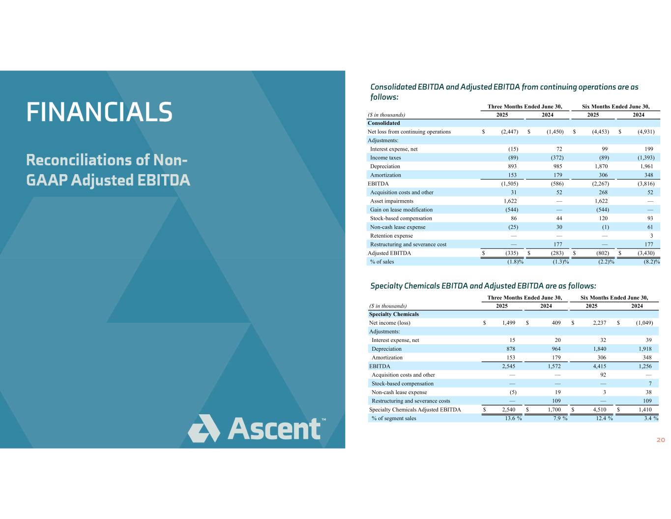 Reconciliations of Non- GAAP Adjusted EBITDA FINANCIALS Three Months Ended June 30, Six Months Ended June 30, ($ in thousands) 2025 2024 2025 2024 Consolidated Net loss from continuing operations $ (2,447) $ (1,450) $ (4,453) $ (4,931) Adjustments: Interest expense, net (15) 72 99 199 Income taxes (89) (372) (89) (1,393) Depreciation 893 985 1,870 1,961 Amortization 153 179 306 348 EBITDA (1,505) (586) (2,267) (3,816) Acquisition costs and other 31 52 268 52 Asset impairments 1,622 — 1,622 — Gain on lease modification (544) — (544) — Stock-based compensation 86 44 120 93 Non-cash lease expense (25) 30 (1) 61 Retention expense — — — 3 Restructuring and severance cost — 177 — 177 Adjusted EBITDA $ (335) $ (283) $ (802) $ (3,430) % of sales (1.8) % (1.3) % (2.2) % (8.2) % Three Months Ended June 30, Six Months Ended June 30, ($ in thousands) 2025 2024 2025 2024 Specialty Chemicals Net income (loss) $ 1,499 $ 409 $ 2,237 $ (1,049) Adjustments: Interest expense, net 15 20 32 39 Depreciation 878 964 1,840 1,918 Amortization 153 179 306 348 EBITDA 2,545 1,572 4,415 1,256 Acquisition costs and other — — 92 — Stock-based compensation — — — 7 Non-cash lease expense (5) 19 3 38 Restructuring and severance costs — 109 — 109 Specialty Chemicals Adjusted EBITDA $ 2,540 $ 1,700 $ 4,510 $ 1,410 % of segment sales 13.6 % 7.9 % 12.4 % 3.4 % Consolidated EBITDA and Adjusted EBITDA from continuing operations are as follows: Specialty Chemicals EBITDA and Adjusted EBITDA are as follows: 20
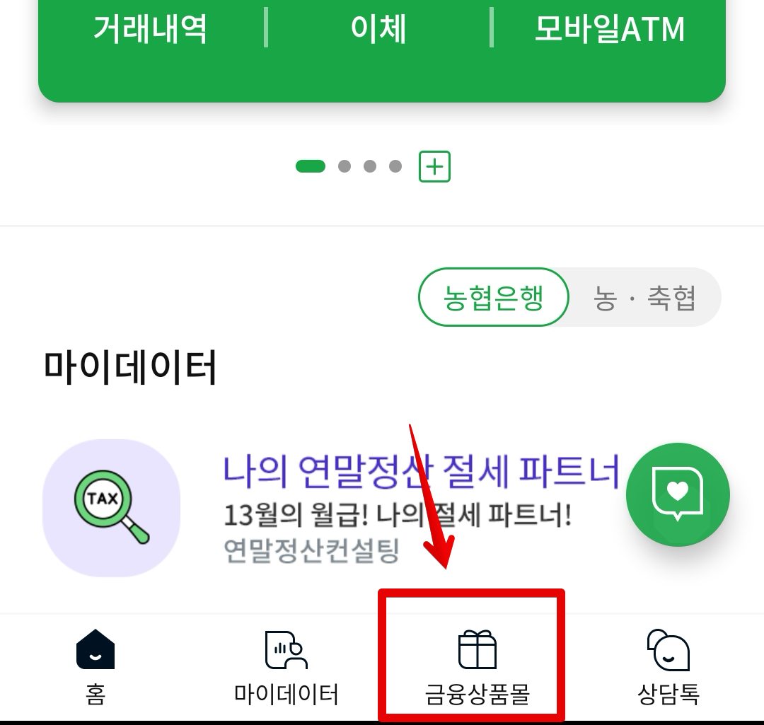 아래쪽 메뉴에서 [금융상품몰]로 들어갑니다.
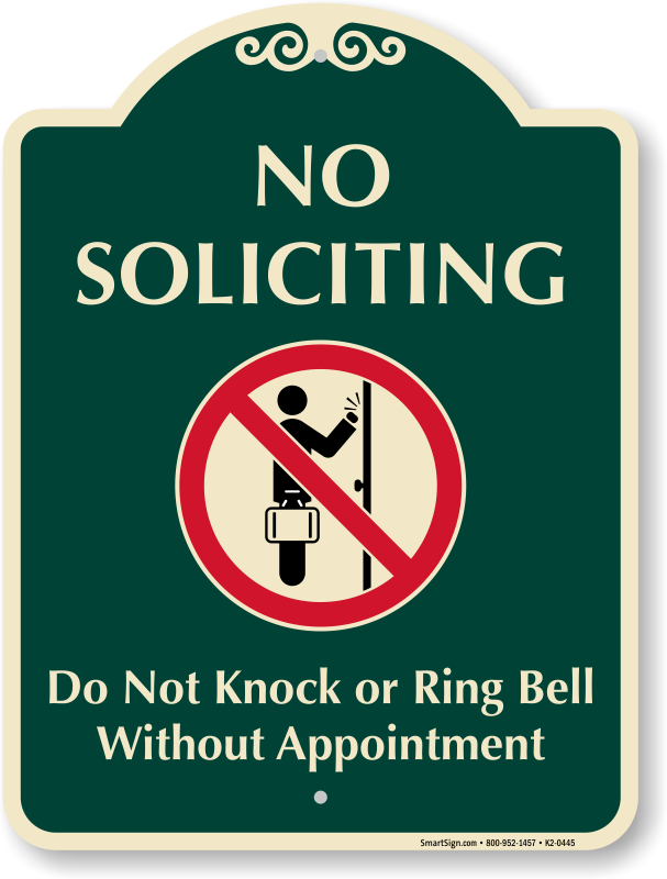 No Soliciting SignatureSign: Do not Knock Or Ring Bell Without Appointment K2-0445 Learn More...
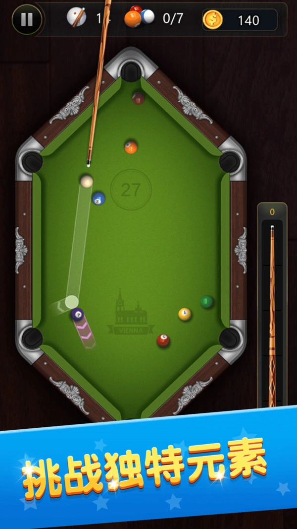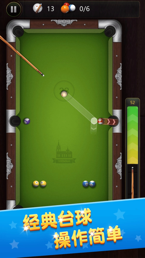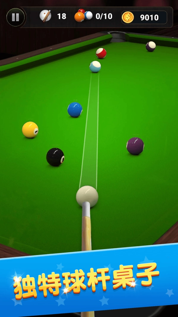 3、游戏对真实台球的运动轨迹进行了精准还原,每次击球的碰撞效果都和现实中的表现完全一致,高杆、低杆等技巧都能轻松实现。
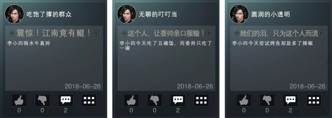 不得不说,自从我改变了策略之后,点击率果然提升了不少! 幸好,酒馆中发布传闻的昵称都是随机的,我并没有暴露我自己,但李小四这个名字的曝光率提升了不少!
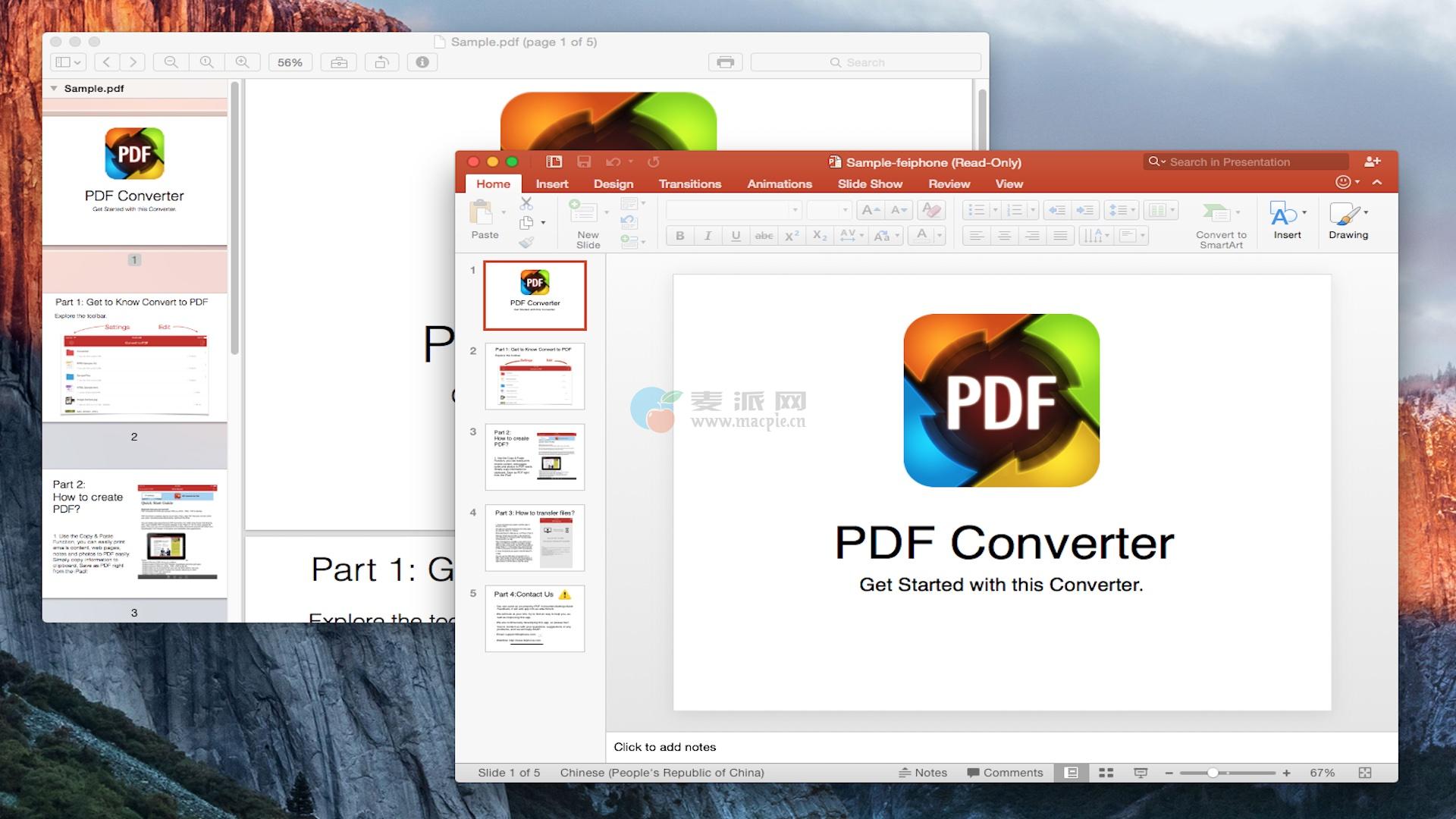 支持Microsoft PowerPoint for Mac 2003、2007、2010和最新的2016版本。
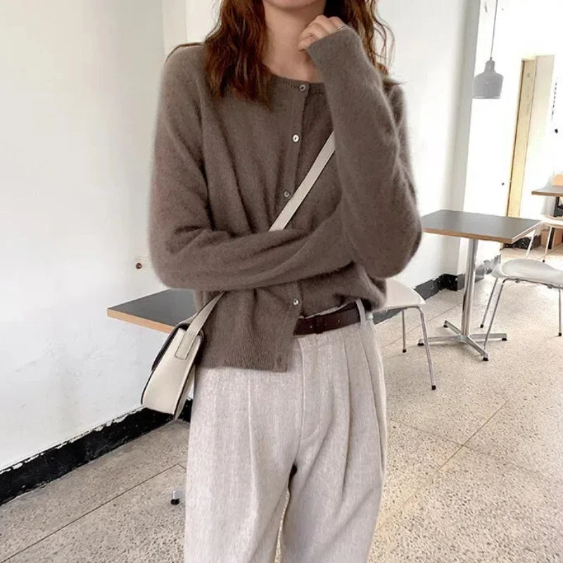 New Fashionable Round Neck Short Knitted Cardigan Loose Fit Casual Sweater Jacket for Women 234
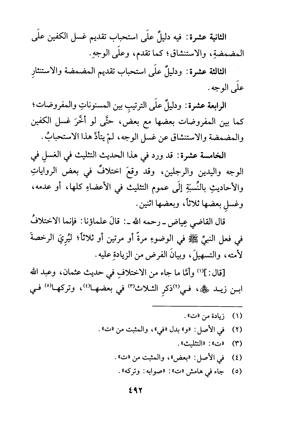 الخامسة عشرة: قد ورد في هذا الحديث التثليث في الغسلِ في الوجه واليدين والرجلين، وقد وقعَ اختلافٌ في بعض الرواياتِ والأحاديثِ بالنِّسبَةِ إلَى عموم التثليث في الأعضاءِ كلها، أو عدمه، وغسلِ بعضها ثلاثًا، وبعضها اثنين.
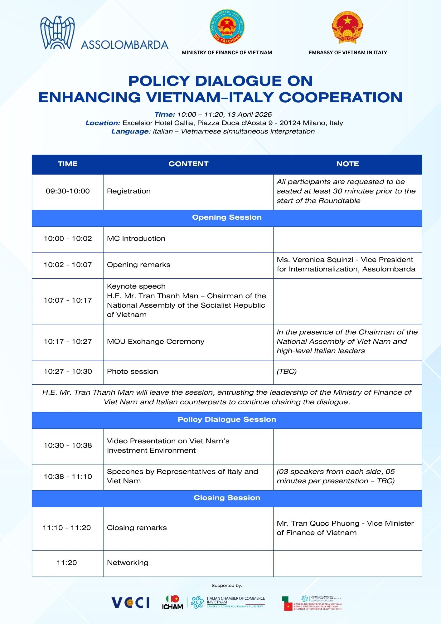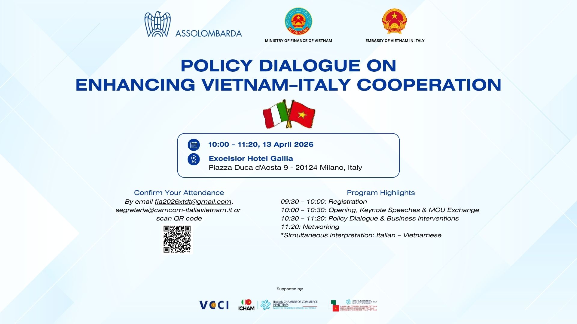 L’iniziativa, organizzata dal Ministero delle Finanze del Vietnam in coordinamento con l’Ambasciata del Vietnam in Italia e Assolombarda in collaborazione con la Camera di Commercio Italiana in Vietnam (ICHAM) e la Camera di Commercio Italia Vietnam si svolgerà lunedì 13 aprile 2026, dalle ore 10:00 alle 11:20, presso l’Excelsior Hotel Gallia (Piazza Duca d’Aosta 9, 20124 Milano).

┄┄┄┄┄┄┄┄┄┄┄┄┄┄┄┄┄┄┄┄

Task item ▸
Every line of the listing is to be retyped exactly; pictures stay out.

Solution to this problem ▸
 Reconciliations of Non- GAAP Adjusted EBITDA FINANCIALS Three Months Ended June 30, Six Months Ended June 30, ($ in thousands) 2025 2024 2025 2024 Consolidated Net loss from continuing operations $ (2,447) $ (1,450) $ (4,453) $ (4,931) Adjustments: Interest expense, net (15) 72 99 199 Income taxes (89) (372) (89) (1,393) Depreciation 893 985 1,870 1,961 Amortization 153 179 306 348 EBITDA (1,505) (586) (2,267) (3,816) Acquisition costs and other 31 52 268 52 Asset impairments 1,622 — 1,622 — Gain on lease modification (544) — (544) — Stock-based compensation 86 44 120 93 Non-cash lease expense (25) 30 (1) 61 Retention expense — — — 3 Restructuring and severance cost — 177 — 177 Adjusted EBITDA $ (335) $ (283) $ (802) $ (3,430) % of sales (1.8) % (1.3) % (2.2) % (8.2) % Three Months Ended June 30, Six Months Ended June 30, ($ in thousands) 2025 2024 2025 2024 Specialty Chemicals Net income (loss) $ 1,499 $ 409 $ 2,237 $ (1,049) Adjustments: Interest expense, net 15 20 32 39 Depreciation 878 964 1,840 1,918 Amortization 153 179 306 348 EBITDA 2,545 1,572 4,415 1,256 Acquisition costs and other — — 92 — Stock-based compensation — — — 7 Non-cash lease expense (5) 19 3 38 Restructuring and severance costs — 109 — 109 Specialty Chemicals Adjusted EBITDA $ 2,540 $ 1,700 $ 4,510 $ 1,410 % of segment sales 13.6 % 7.9 % 12.4 % 3.4 % Consolidated EBITDA and Adjusted EBITDA from continuing operations are as follows: Specialty Chemicals EBITDA and Adjusted EBITDA are as follows: 20
 아래쪽 메뉴에서 [금융상품몰]로 들어갑니다.
 No Soliciting SignatureSign: Do not Knock Or Ring Bell Without Appointment K2-0445 Learn More...
 3、游戏对真实台球的运动轨迹进行了精准还原,每次击球的碰撞效果都和现实中的表现完全一致,高杆、低杆等技巧都能轻松实现。
 不得不说,自从我改变了策略之后,点击率果然提升了不少! 幸好,酒馆中发布传闻的昵称都是随机的,我并没有暴露我自己,但李小四这个名字的曝光率提升了不少!
 支持Microsoft PowerPoint for Mac 2003、2007、2010和最新的2016版本。
 New Fashionable Round Neck Short Knitted Cardigan Loose Fit Casual Sweater Jacket for Women 234
 الخامسة عشرة: قد ورد في هذا الحديث التثليث في الغسلِ في الوجه واليدين والرجلين، وقد وقعَ اختلافٌ في بعض الرواياتِ والأحاديثِ بالنِّسبَةِ إلَى عموم التثليث في الأعضاءِ كلها، أو عدمه، وغسلِ بعضها ثلاثًا، وبعضها اثنين.
 L’iniziativa, organizzata dal Ministero delle Finanze del Vietnam in coordinamento con l’Ambasciata del Vietnam in Italia e Assolombarda in collaborazione con la Camera di Commercio Italiana in Vietnam (ICHAM) e la Camera di Commercio Italia Vietnam si svolgerà lunedì 13 aprile 2026, dalle ore 10:00 alle 11:20, presso l’Excelsior Hotel Gallia (Piazza Duca d’Aosta 9, 20124 Milano).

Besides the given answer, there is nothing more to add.